あのアブナイまどろんだ空気のまま、もし元に何か誘われるような事でも言われたら。俺の理性は、間違いなく音を立てて崩れ去っていた。
今はとりあえず、ゆっくり休んでもらおう。
隣で規則正しくなり始めた寝息を聞きながら、俺は自分の心臓の音を鎮めることに必死やった。まずは、この子の酔いを覚ましてもらわな。
それにしても、元を起こすのは一時間後か、それとも二時間後か。
深夜の大浴場は何時まで開いているんやろう。そんなことをぼんやりと考えていた時、控えめなノックの音が響いた。

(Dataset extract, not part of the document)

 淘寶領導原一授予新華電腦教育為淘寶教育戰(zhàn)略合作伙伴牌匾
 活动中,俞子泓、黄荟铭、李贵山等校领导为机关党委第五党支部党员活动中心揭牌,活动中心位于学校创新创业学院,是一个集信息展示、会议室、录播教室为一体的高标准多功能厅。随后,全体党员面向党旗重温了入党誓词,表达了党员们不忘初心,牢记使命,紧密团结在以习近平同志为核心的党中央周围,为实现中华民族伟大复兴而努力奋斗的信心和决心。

数人の旅館スタッフが、宴の跡を片付けに来てくれたのだ。
「夜分にすみません、お疲れ様です」
散らかったビール瓶や食器を運ぶ若い仲居さんを少し手伝ったら、彼女は顔を真っ赤にして「ひゃぁっ」と声を漏らし、逃げるように部屋を後にした。
……これ、ほんまにカッコいいと思われてるんか? それとも、俺の顔がそんなに威圧的なんやろうか。

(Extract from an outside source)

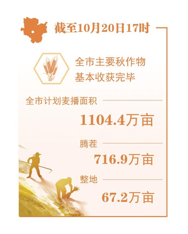 据农情调度,截至10月20日17时,全市除部分红薯、蔬菜、大豆等晚熟作物外,主要秋作物已基本收获完毕。全市计划麦播面积1104.4万亩,已腾茬716.9万亩,整地67.2万亩。②11

大浴場の時間を聞くついでに、先ほどから熱心に世話を焼いてくれる女将に声をかけられた。聞けば、さっきの仲居さんは彼女の娘さんらしい。なるほど、料理が勝手にアップグレードされていたのは、そういう忖度の結果やったんかと、ようやく合点がいった。
綺麗に片付いた、静かな部屋。
元が寝息を立てている横で、一人深夜のテレビを見るのもスマホを触るのも、どうにも味気ない。
やり残したこと……といえば、あとはこの部屋の露天風呂くらいか。
一人で浸かるのも、それはそれで贅沢でいい思い出になるはずや。
俺は内風呂で一日の汚れを丁寧に落としてから、露天風呂へと足を踏み入れた。
ひんやりとした夜風が肌をなで、湯気が月明かりに白く立ち上る。
「……最高やな」
結局、誰にも邪魔されず一番風呂を独占できた。
今日一日、ほんまに楽しかった。最高に美味いもんを食べて、何より、好きな人がすぐ側で眠っている。
この高い宿泊料の何倍もの価値がある、一生もんの旅になった。もう、俺の人生に思い残すことなんて何一つない――そう確信できるほど、満ち足りた夜だった。